Class III beta-tubulin isotype predicts response in advanced breast cancer patients randomly treated either with single-agent doxorubicin or docetaxel.

Purpose: To evaluate the role of microtubule-associated variables as potential predictors of response and clinical outcome in patients with advanced breast cancer receiving single-agent docetaxel or doxorubicin chemotherapy.

Experimental Design: The analysis was done on 173 tumor samples from patients with locally advanced or metastatic breast cancer who have participated in the TAX-303 phase III trial in which patients were randomly assigned to receive docetaxel or doxorubicin. Expression of total alpha- and beta-tubulin, classes II to IV beta-tubulin isotypes, and tau protein was evaluated by immunohistochemistry on formalin-fixed, paraffin-embedded tumors from the primary breast cancer.

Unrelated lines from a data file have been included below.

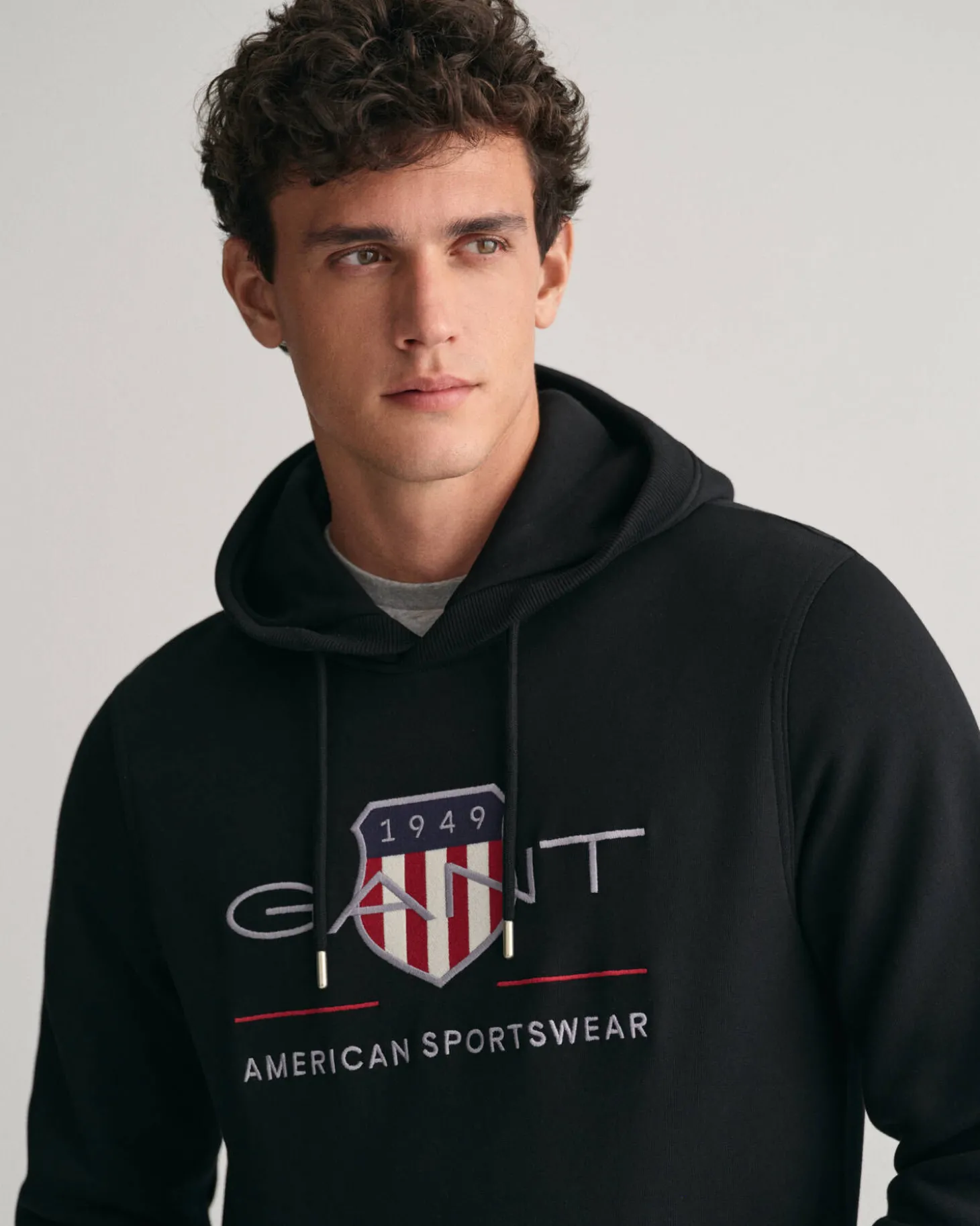 Der Archive Shield Hoodie von Gant präsentiert sich mit einer gestickten Wappen-Grafik im Retro-Stil.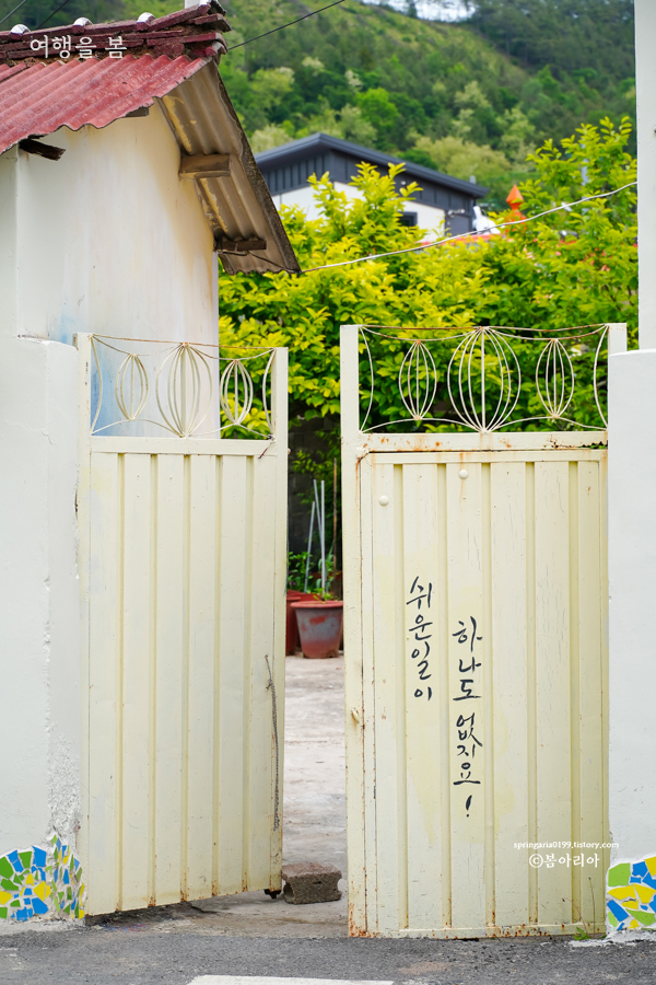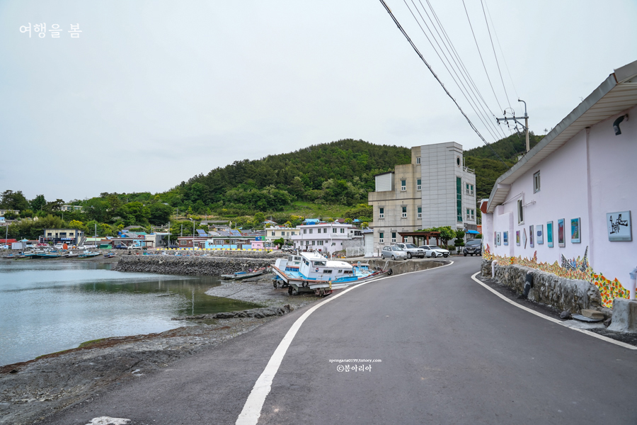 낭도항에 주차를 하고 100년도가식당까지는 걸어서 3 ~ 5분 정도 소요된다. 걸으며 볼 수 있는 풍경은 여유로우면서 포근하다. 화려한 색깔로 색칠한 벽화마을이 아닌 그림을 걸어놓거나 작은 조형물로 장식하여 깔끔하면서 더 낭만적인 풍경을 마주하게 된다.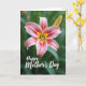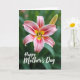 Designed with a close-up flower photograph, this card centers on a single lily-like bloom set against a softly blurred background of leafy greens. Six wide petals fan out in a balanced shape, with creamy white surfaces streaked by fuchsia and crimson lines that lead the eye inward like gentle, affectionate glances ❤️. Near the middle, a glowing golden-yellow throat radiates outward, creating a warm meeting point that feels quietly intimate. Dark-tipped stamens stand tall from the center, adding a rich contrast that makes the softer tones feel even more tender. A slim, tightly closed bud appears in the upper right in pale lime and buttery yellow, like a companion waiting nearby 🌼. Along the bottom edge, the words “Happy Mother’s Day” sit in white flowing lettering, clearly separated from the greenery behind it. Soft, diffuse light highlights the velvety texture and small ripples along the petal edges while the background stays dreamy and out of focus. In the upper right corner, the curled bud angles diagonally toward the open flower, framed by deep green leaves.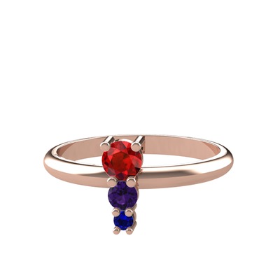 Garnet, ametist ve lab safir 8 ayar rose altın yüzük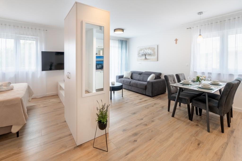 Czytaj więcejCena podana jest za dobę za cały obiekt. Prosimy o wpłatę zadatku w wysokości 30% z góry na konto bankowe przy rezerwacji, a resztę ceny całkowitej po przyjeździe do apartamentu. W okresie maj, czerwiec, wrzesień i październik minimalna ilość noclegów to 5 noclegów. W okresie lipca i sierpnia minimalna ilość noclegów to 7 noclegów. Przy 14 i więcej noclegach 10% rabatu od podanego cennika. Doba hotelowa trwa od godziny 15:00, a wymeldowanie do godziny 10:00. Wszelkie zapytania prosimy kierować w formie pisemnej (wysyłając zapytania poprzez formularz internetowy, e-mailem lub poprzez wiadomości poprzez aplikację WhatsApp lub Viber)

Results: We observed that patients with "high" expression of class III beta-tubulin isotype had a higher probability of response to docetaxel than to doxorubicin treatment (odds ratio, 1.9; 95% confidence interval, 1.01-3.7; P = 0.05). No difference was observed in terms of time to progression or in terms of overall survival.

Conclusions: This study suggests that the superiority of docetaxel over doxorubicin seems to be confined to the subgroup of patients with "high" expression of class III beta-tubulin isotype.